The advantage of having a nanny goat, it seems, is that you get goat milk. And when you have a small child, goat milk is a thing to be desired. Cow's milk would be preferred but goats take up less room than cows, which is important when you live in the middle of the village.
Except that to get goat milk your nanny goat needs to have a baby goat. And for your nanny goat to have a baby goat, it goes without saying, you need a billy goat. All of this is quite ordinary and not worth mentioning, or at least it would be back home in the sorts of places where you might keep goats. But in Wussex or Walshire they would be Cambrian goats. Here we are talking about having three Armorican goats, and three Armorican goats is too many goats for any sane person to be having. Especially in the middle of the village.
Which is why I spent yesterday walking Patches the Goat out to Marc's farm for a stay, and why today I lingered in the hot springs. Goat armor and handles make it easier to manage an Armorican goat, but they don't make it pleasant. It might be better if Patches wasn't (to all appearances) fond of me, but—
No. No, it wouldn't. If Patches weren't fond of me I'd have hired a cart, tied her to the back of it, and ridden up front with the drover. I would most likely have had to pay for damage to the cart, but at least I wouldn't be found crumpled in the ditch by the side of the road.

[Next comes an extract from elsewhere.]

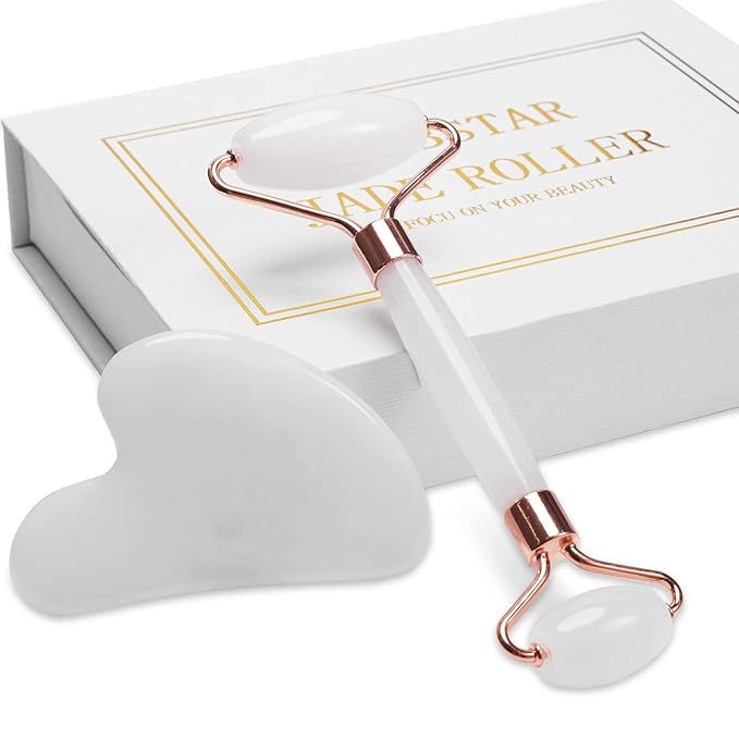 - 【Natural Jade Material】This facial roller gua sha are made of natural jade,which is crystal clear, beautiful color. The handle part of the jade roller, specially selected zinc alloy materials that will not rust to make.

I spent most of the walk pondering how I might transport Patches by sky-chair. I was contemplating a kind of a sling by which she might dangle, with a release so that I could fly her straight to the goat shed, lower her down, and let her go without actually entering the goat shed myself. It was a foolish notion, for I do not dare use a sky-chair until I understand the motions of what I call effort ; and doubly foolish, for of course Marc's goatherd took care of Patches once we arrived. But it served to pass the time.
Having disposed of Patches I went to check on Luc's trial in its little shed at the outer edge of Marc's fields. It looked much the same as it had the week before, when Luc set it up in its new location: the hardened block resting on its post, and the other block floating above its post at the end of a taut string. I examined the hardened block as gently as I could, looking for the sort of degradation I'd seen in Amelie's dishware, taking care not to poke at it too strongly; for treating it harshly would, ironically, only increase its life. It was the hardened plates and bowls that deteriorated, not the hardened pots and pans.
Thus far the block looked as it had the week before; but we hadn't expected anything else, yet.
After that I shared the midday meal with Marc and Elise, and got to see their infant boy, whom they have predictably named Herbert. I believe that Elise and Amelie are already planning a wedding for Herbert and Anne-Marie. I should be pleased if that were to happen, but I know a little too much about forcing a boy into his father's image to press it myself.
I walked home, blessedly goat free, and thought about Luc's trial. So many questions! So many trials we would like to do! Hardened objects store effort and flying or warming objects consume it. Does it matter whether the consuming object is floating or producing warmth? Can the consuming object continue producing its effect indefinitely, or must there be a hardened object nearby? Are there other kinds of objects that similarly store effort like hardened ones do? Suppose I hardened a stick, and suspended a heavy weight from it, a weight that would break an unhardened stick: would that produce effort? And how much effort could I draw from the stick without causing it to deteriorate?
"How much?" What an odd thought! "How much?" is a question for shopkeepers and merchants and contracts. A thing is hardened or it isn't; a former doesn't worry about "how much" a thing is hardened. And yet it seems like le mot juste as my friend the bookseller would say. How much effort can a hardened object store and provide? How much effort does it take to produce enough heat to warm a plate of food? If those two things were evenly matched, if they were in balance—
Les chèvres! Master Grenadine speaks of harmonie, of charité and envie. Charity: giving forth. Envy: wanting what another has. Harmony between charity and envy—is that the key to understanding him? Thank the Lord that we received a new stock of whirtleberry oil yesterday, for I believe I shall be up late tonight.